En Afrique, un nouveau concept est officiellement devenu le baromètre de la démocratie, ou plutôt de sa fragilité : le troisième mandat présidentiel, imposé au forceps via une révision express de la Constitution. Ces dernières années, les coups d’Etat constitutionnels se sont ainsi succédé à rythme de plus en plus accéléré. Le Togo ouvre le bal dès 2002, suivi du Tchad en 2005, du Cameroun et de l’Algérie en 2008, puis du Burundi et du Congo-Brazzaville en 2015.
Dans chacun de ces pays, la révision constitutionnelle a permis de conforter le maintien au pouvoir de dictateurs au bilan désastreux. Très discrets au départ, les Occidentaux froncent désormais les sourcils, les organisations des droits de l’homme s’indignent. Sans beaucoup d’effets. Une nouvelle volée de critiques a accompagné le référendum organisé vendredi au Rwanda sur la modification de la Constitution, approuvée par plus de 98 % de oui. Elle permet à l’actuel président, Paul Kagame, de se représenter en 2017 et même, en théorie, jusqu’en 2034. La réforme annoncée baisse certes la durée du mandat présidentiel de sept à cinq ans, mais introduit un septennat transitoire entre 2017 et 2024, qui remet les compteurs à zéro pour l’actuel homme fort, élu en 2003 et réélu en 2010.

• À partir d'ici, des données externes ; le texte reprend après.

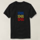 El color es muy bonito al natural, como la foto. El tejido es suave y de buena calidad. Sin defectos en el tintado, ni hilos sueltos o descosidos. Bien la impresión. Los bordes de las letras y el dibujo son nítidos, y el color contrasta muy bien con el de la camiseta.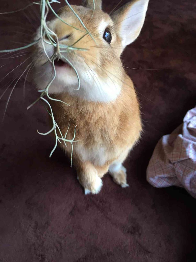 🐰<エアプランツ?ってゆーのを食べると毛がモコモコになる気がするょ✨いつも食べてるごはんと違うからワクワクもするんだ〜✨✨)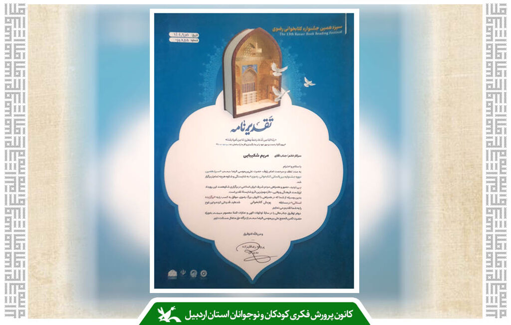 بر اساس این گزارش، در این مراسم، مریم شکیبایی، مربی مسئول مرکز فرهنگیهنری کانون پرورش فکری کودکان و نوجوانان شهرستان نیر، به عنوان یکی از برگزیدگان استانی در بخش پویش کتاب رضوی مورد تقدیر قرار گرفت.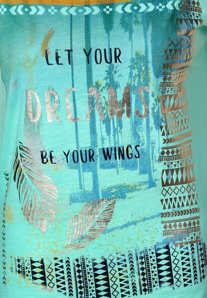 Let your dreams be your wings! Das T-Shirt von CECIL hat einen tollen Frontprint mit schimmernden Effekten an der Schrift und als Blättermotiv. Die Schultern werden durch einen Schlitz im Cold-Shoulder-Style feminin in Szene gesetzt. Am seitlichen Saum lassen sich zwei Bändchen knoten und der Rundhalsausschnitt liegt durch den weichen Materialmix bequem auf der Haut.\n\n\n T-Shirt mit Frontprint\n Schimmer-Effekte und Ethno-Design\n Schlitz im Cold-Shoulder-Style\n Rundhalsausschnitt\n Bändchen an der Seite\n Maße bei EU-Größe M ca.:\n Länge 65 cm, Brust 54 cm, Saumweite 53 cm\n Material: 50% Modal, 50% Baumwolle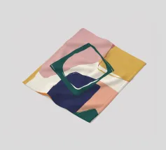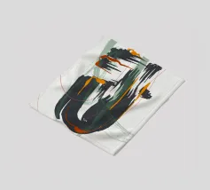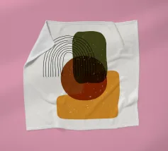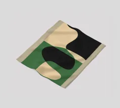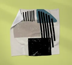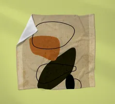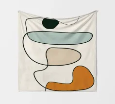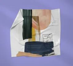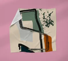 Forme astratte e linee decise si fondono in un equilibrio di colori tenui, creando una composizione dinamica. Le forme organiche si intrecciano, mentre sprazzi di verde aggiungono profondità e movimento.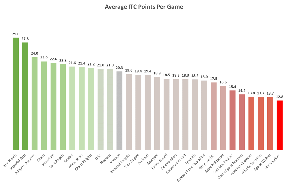 no Iron Hands player ever finished in the bottom third of the rankings. That should stun you. Either the Iron Hands players are collectively some of the best players in the ITC or the army is so forgiving that just about any person can pick them up and outperform everyone else. If we dig a bit, our friends at 40kstats.com show that Drukhari lead the VP scoring category at 24.47 and hold the largest positive spread at ~2. However, the Tau actually lead in Points Against (>200 games) with 21.88. By comparison the Iron Hands average 28.2 points for and only gave up 19.8. That's an incredible points advantage with a differential ~4 times greater than the next best at 8.4 points. Essentially what this says is that when Iron Hands win, they win big. And when Iron Hands lose, they lose very narrowly. It's hard to impress just how far outside the norm these numbers are - they are truly unseen in 8th edition. Not Castellans, not Ynnari, not anything.

Reste que le Rwanda est un cas à part. Totalement détruit lors du génocide de 1994, le pays affiche aujourd'hui 8 % de taux de croissance, a réussi à réduire de deux tiers la mortalité infantile et se voit régulièrement félicité pour ses «succès remarquables en matière de développement» par la Banque mondiale.
La prospérité (relative) et la stabilité ne peuvent justifier l’absence d’alternance au pouvoir. Mais que cela plaise ou non, il est probable qu’une écrasante majorité de Rwandais ait effectivement souhaité donner à Kagame la possibilité de se représenter. Non seulement en raison de son bilan économique et social, mais aussi parce que vingt ans après le génocide, il apparaît aux yeux de beaucoup comme le seul garant d’une réconciliation encore fragile dans un pays où tueurs et victimes sont condamnés à cohabiter.